I'm a relative newcomer to opera, so bear with me if this is a dumb question. I noticed that the spoken portions in two versions of Die Zauberflote vary quite a bit (versions are the Covent Garden / Diana Damrau version and the Kathleen Battle / Kurt Moll / Luciana Serra version). Sometimes the changes are minor, other times they differ significantly - not only in length, but entire portions are different. How does one know which is the canonical version in such cases? Why are these changes made? Were the variations of the libretto written at the time, or are they generally done later and/or by others?

Thanks!


----------



## classidaho (May 5, 2009)

I think librettos were written prior to the first production.....but sometimes later there were many free for all revisions with no copyright laws for many compositions. 

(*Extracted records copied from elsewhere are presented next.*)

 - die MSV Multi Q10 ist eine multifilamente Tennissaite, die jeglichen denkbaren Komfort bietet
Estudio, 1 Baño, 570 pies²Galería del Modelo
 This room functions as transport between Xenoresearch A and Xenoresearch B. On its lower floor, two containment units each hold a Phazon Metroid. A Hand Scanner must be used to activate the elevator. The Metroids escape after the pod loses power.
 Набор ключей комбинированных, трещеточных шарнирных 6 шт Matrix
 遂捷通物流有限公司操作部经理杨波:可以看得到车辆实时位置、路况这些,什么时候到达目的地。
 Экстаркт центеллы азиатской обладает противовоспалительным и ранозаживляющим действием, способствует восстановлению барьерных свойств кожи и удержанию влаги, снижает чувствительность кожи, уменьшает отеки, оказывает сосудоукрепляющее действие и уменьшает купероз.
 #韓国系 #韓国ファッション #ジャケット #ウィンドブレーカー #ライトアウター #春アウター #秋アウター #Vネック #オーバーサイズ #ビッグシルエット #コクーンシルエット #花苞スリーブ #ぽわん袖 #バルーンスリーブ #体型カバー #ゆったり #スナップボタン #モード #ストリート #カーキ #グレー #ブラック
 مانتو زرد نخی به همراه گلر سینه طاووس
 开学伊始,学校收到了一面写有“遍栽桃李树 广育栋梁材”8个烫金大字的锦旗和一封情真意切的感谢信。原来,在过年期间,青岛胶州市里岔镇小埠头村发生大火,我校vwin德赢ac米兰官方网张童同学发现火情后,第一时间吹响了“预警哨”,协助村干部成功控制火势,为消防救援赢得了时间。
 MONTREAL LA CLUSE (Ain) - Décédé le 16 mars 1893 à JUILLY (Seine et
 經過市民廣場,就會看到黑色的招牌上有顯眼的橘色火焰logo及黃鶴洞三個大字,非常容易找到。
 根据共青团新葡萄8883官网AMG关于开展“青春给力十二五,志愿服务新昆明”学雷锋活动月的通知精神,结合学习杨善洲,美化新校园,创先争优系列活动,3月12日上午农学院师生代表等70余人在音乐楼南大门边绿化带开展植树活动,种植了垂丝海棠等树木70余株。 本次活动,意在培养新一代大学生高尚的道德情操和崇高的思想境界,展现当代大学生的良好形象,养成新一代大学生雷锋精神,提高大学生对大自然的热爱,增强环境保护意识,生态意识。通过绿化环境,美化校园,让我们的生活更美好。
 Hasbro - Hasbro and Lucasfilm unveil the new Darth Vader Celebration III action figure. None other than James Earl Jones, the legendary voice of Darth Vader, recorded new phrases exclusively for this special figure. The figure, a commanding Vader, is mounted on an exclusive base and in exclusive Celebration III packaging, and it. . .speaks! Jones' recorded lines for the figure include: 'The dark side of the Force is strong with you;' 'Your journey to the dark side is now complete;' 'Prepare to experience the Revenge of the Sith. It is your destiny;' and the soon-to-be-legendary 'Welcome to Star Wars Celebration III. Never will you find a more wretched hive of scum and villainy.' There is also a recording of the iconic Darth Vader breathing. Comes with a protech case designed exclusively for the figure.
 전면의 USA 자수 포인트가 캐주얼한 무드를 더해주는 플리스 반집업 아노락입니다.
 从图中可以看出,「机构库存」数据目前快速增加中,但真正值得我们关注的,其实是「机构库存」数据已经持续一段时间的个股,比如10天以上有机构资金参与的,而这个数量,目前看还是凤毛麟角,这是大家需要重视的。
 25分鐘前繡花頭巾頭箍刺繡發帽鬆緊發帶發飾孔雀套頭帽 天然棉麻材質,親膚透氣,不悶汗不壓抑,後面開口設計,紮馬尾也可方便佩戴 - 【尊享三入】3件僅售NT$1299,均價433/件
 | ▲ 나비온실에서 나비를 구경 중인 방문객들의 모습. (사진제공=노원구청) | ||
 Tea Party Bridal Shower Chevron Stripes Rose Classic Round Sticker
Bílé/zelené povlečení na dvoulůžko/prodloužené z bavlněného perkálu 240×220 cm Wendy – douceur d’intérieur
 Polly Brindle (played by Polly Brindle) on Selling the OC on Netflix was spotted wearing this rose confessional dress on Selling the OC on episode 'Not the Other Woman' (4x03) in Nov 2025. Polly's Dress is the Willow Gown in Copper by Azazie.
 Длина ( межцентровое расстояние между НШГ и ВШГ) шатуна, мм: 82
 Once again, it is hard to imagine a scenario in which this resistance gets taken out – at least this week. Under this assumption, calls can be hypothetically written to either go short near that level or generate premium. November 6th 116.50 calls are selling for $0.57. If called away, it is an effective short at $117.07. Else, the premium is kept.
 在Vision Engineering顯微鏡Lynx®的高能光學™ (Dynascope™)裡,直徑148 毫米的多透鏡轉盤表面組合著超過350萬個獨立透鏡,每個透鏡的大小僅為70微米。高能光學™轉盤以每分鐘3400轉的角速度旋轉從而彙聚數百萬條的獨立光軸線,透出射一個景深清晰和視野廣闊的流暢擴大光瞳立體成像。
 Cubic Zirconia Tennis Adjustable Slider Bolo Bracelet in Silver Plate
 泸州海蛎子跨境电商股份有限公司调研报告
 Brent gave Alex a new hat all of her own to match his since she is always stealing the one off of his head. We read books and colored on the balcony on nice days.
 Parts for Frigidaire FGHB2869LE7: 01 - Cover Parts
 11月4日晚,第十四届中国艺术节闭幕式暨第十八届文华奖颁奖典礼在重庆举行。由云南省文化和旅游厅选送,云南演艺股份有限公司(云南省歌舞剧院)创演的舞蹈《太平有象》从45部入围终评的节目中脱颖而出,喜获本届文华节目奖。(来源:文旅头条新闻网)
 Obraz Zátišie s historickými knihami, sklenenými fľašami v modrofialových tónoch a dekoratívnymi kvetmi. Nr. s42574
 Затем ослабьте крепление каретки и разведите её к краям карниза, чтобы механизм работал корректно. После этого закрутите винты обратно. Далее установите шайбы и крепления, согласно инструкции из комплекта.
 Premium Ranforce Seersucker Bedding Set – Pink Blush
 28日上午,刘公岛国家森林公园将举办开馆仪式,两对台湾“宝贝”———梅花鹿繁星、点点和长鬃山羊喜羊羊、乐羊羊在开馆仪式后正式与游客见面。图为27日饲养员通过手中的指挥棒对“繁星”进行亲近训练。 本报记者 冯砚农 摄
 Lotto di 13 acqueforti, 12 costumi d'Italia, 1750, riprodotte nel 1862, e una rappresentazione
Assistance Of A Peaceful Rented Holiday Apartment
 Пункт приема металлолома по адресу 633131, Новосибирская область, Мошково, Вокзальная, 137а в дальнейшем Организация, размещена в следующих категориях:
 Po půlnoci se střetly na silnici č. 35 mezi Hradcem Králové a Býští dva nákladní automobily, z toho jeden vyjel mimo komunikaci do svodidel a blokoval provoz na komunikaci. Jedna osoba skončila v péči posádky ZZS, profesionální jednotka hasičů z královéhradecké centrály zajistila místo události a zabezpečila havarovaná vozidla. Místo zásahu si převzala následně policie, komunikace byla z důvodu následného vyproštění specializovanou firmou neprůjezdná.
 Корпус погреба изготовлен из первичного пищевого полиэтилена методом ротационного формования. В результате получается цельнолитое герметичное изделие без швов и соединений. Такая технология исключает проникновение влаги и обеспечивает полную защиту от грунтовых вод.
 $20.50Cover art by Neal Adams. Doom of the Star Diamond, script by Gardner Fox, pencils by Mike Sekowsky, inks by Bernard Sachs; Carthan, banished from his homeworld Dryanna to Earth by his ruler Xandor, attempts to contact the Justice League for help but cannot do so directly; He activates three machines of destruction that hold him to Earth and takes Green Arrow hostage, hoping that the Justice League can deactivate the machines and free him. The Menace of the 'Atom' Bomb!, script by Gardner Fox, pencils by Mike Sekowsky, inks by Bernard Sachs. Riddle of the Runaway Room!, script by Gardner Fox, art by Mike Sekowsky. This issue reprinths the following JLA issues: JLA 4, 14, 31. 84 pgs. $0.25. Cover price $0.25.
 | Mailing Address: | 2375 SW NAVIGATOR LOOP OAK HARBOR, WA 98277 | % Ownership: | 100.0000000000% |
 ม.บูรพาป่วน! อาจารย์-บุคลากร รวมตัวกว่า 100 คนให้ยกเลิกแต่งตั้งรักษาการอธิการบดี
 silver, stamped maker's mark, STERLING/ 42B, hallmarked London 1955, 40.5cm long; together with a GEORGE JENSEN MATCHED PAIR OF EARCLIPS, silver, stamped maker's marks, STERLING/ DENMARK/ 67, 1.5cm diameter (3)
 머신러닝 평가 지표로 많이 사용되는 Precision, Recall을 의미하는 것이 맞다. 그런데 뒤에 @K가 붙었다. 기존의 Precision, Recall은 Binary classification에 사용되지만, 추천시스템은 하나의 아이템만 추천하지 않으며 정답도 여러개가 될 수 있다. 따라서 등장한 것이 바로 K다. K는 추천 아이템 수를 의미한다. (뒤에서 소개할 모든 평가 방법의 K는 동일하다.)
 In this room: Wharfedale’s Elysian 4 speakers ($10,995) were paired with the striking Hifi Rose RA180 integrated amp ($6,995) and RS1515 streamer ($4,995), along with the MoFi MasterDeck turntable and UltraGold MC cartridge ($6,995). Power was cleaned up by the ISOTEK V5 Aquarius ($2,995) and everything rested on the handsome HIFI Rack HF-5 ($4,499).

Many great musicians/composers freely made numerous variations on works by their counterparts.


----------



## mamascarlatti (Sep 23, 2009)

I think you'll notice freedom with the libretto particularly in the operas which have spoken passages of the Singspiel variety (Magic Flute, Die Entfuhrung aus dem Serail) or opéra comique (Carmen). I've heard a bewildering variety of spoken dialogue in Carmen, eg from full blown explanations of Don Jose's past to a couple of words. And sometimes they use the recitative version too.


----------



## Herkku (Apr 18, 2010)

Didn't Otto Klemperer dismiss the spoken dialogue altogether in his recording of Die Zauberflöte?


----------